Recorded information START
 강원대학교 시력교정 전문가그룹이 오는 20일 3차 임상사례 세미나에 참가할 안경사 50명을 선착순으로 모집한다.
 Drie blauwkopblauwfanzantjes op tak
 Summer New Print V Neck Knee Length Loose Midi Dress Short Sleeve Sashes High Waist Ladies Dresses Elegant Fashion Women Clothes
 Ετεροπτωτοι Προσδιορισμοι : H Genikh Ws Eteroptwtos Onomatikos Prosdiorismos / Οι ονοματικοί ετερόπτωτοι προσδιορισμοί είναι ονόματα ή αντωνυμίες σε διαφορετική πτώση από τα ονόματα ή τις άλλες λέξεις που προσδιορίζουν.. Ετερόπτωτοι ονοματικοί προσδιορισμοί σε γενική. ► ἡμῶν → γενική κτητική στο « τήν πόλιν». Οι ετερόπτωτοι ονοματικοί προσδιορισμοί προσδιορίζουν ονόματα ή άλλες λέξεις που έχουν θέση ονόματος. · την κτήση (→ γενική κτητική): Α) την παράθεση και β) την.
Recorded information END
Recorded information START
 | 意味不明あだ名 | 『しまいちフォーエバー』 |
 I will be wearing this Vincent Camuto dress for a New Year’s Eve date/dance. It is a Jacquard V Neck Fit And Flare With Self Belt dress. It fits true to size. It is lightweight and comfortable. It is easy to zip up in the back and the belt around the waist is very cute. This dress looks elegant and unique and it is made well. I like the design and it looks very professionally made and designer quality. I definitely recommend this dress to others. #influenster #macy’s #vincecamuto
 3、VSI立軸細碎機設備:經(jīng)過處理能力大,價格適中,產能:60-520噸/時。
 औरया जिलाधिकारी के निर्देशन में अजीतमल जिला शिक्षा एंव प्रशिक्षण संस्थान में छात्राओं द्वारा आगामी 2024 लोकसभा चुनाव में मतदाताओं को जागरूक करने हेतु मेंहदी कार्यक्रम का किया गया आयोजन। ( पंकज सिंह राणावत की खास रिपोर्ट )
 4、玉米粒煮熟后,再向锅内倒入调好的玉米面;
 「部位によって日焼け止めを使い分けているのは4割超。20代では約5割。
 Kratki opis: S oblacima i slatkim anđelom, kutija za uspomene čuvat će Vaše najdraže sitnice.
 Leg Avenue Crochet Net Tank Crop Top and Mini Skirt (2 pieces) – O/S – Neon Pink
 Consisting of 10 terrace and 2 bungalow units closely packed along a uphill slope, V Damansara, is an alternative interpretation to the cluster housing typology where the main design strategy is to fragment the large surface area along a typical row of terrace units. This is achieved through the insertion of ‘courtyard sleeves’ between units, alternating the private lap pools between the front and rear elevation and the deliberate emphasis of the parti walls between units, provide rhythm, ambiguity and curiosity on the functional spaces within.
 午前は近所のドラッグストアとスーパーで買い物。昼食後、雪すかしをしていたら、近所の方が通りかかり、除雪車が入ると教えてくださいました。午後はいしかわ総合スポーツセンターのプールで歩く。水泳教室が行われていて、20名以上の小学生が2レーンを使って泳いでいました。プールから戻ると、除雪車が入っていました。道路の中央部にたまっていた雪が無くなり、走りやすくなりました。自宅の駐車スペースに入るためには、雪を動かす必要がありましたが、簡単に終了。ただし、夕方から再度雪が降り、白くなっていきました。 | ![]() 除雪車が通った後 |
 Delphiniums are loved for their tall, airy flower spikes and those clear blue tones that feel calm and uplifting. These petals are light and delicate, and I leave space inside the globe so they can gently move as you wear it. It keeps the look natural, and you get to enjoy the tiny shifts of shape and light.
Recorded information END
Recorded information START
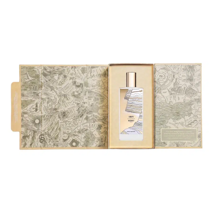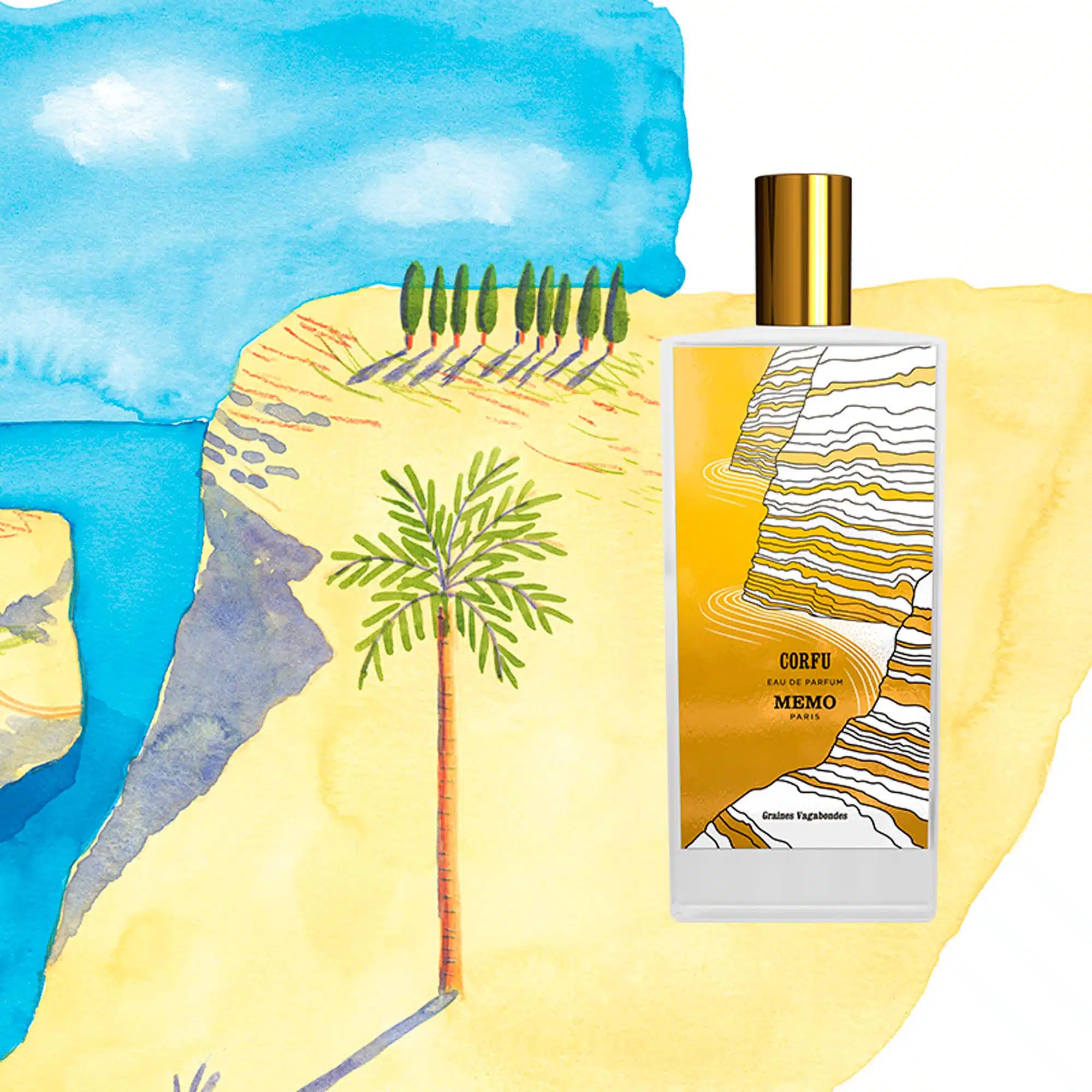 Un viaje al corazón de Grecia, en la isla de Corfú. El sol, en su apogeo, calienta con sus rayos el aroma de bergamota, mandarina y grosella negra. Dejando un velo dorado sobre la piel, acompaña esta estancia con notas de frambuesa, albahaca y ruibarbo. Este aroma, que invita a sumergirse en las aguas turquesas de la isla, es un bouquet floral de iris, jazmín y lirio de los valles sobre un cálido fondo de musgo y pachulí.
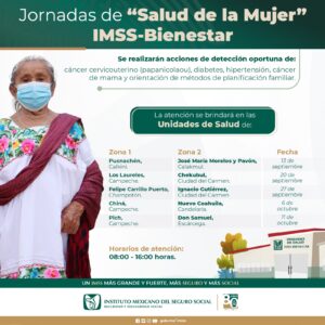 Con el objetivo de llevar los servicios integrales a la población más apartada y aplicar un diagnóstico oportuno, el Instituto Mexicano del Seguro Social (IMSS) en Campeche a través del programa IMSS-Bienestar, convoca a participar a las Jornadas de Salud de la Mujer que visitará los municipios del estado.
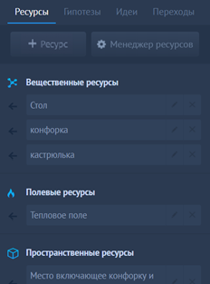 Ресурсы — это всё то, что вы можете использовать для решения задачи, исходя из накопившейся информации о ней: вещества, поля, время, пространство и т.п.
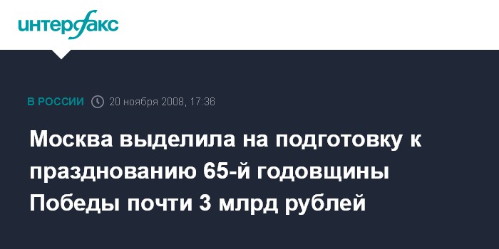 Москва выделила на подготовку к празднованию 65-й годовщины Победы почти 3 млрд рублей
Recorded information END
**Problem to work on**. From the material above, set down exactly the lines between the line holding "강원대학교 시력교정 전문가그룹이" and the line holding "Summer New Print", inclusive. Include nothing else.

**Answer box**.
 강원대학교 시력교정 전문가그룹이 오는 20일 3차 임상사례 세미나에 참가할 안경사 50명을 선착순으로 모집한다.
 Drie blauwkopblauwfanzantjes op tak
 Summer New Print V Neck Knee Length Loose Midi Dress Short Sleeve Sashes High Waist Ladies Dresses Elegant Fashion Women Clothes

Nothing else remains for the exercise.